Because the models need human created data, companies developing foundational AI models search human generated content text in many ways. They change usage policies allowing themselves to train their models on the data of their users, like Meta recently did. In the EU we have the right to object. Other parts of the world are not so lucky. Or they buy rights to use original data from publishers, like Amazon did with the Times, which is far more defensible way of going about it. And to begin with, the large foundational models were created through scraping the internet of everything that could be scraped without consideration for intellectual property. While this was defensible when it was a research project for the common good, it is far less so when it is done for profit.

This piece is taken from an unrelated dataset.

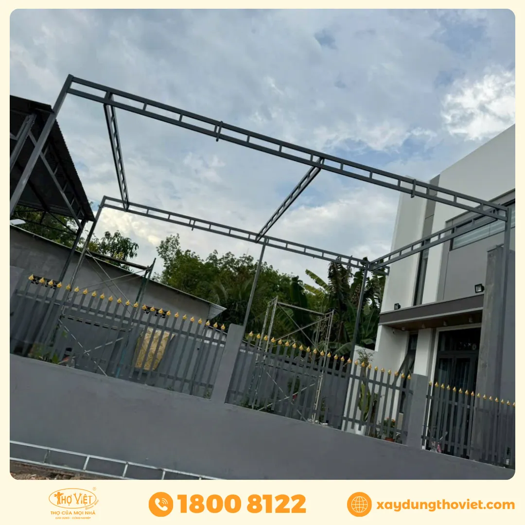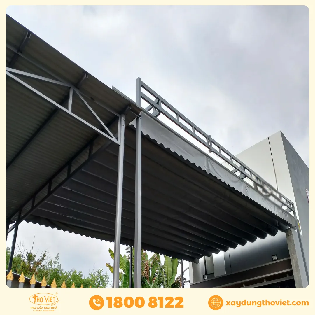 Khung mái che MCX3 được sản xuất từ thép hộp có độ dày cao, phủ sơn tĩnh điện chống gỉ. Lớp sơn này có khả năng chịu nhiệt, chịu ẩm và hạn chế bong tróc sau thời gian dài sử dụng. Kết cấu khung vững chắc, không bị rung lắc hoặc cong vênh ngay cả khi gặp gió mạnh.

And, secondly, it is very hungry for compute power, which means a sharp increase in the need for data centers, electricity, and chips requiring rare minerals. A recent IEA report on Energy and AI states that electricity demand from data centers worldwide would double by 2030. This same growth increases the need for the critical and rare minerals used in the equipment in the data centers that power AI. This has effects on the environments, and human rights around the world, we should not ignore. And much of this growth is dependent on whether us throwing AI at everything to see where it sticks is a long term thing or just us learning to use it well. So the question is: Will this growth continue or level out at some point?
While the industry seeks to make the models more efficient and less energy intensive, the concern of environment and human rights does require at least me to pause and rethink our approach. That’s why Helheim Labs focuses on using repurposed hardware and smallest models that solve the problem. And yes, even as an AI professional, I do think about where and when I use AI.
Our Role: Focused, Secure, Real
But returning to Torvalds evaluation: what does that 10% consist of—and is it enough to justify all the noise? Time will tell. And the choices we all make will determine it.
At Helheim Labs, we’re focused on understanding and securing the core of AI and discovering that 10% of real utility and impact. Because underneath the marketing slogans and billion-dollar promises lies a powerful technology that, when used with the right mindset of exploration and unwavering honesty about successes and failures, and building it with security in mind, it can produce value.
We’re not here to build hype machines. We’re here to interrogate the systems behind them, to test them in adversarial environments, and to identify where they are truly useful—and where they are dangerously over trusted and overused. For instance the IEA report above states that cybersecurity attacks have become more sophisticated because of AI as the number of attacks on energy utilities have tripled in the past four years. However, AI is also becoming a critical tool for energy companies in defending against these attacks.
We believe generative AI has a place in our toolbox, but it needs to keep earning that place through performance, trustworthiness, security, and concrete value. And it should not make global problems worse. So, we’re not looking for artificial general intelligence. We’re looking for systems that help people think more clearly, act well more quickly, make more grounded and data informed decisions, and work more securely. We aim to build systems that support the human in the equation.
That’s the real opportunity. And it’s worth pursuing—even if it’s just 10% of the story.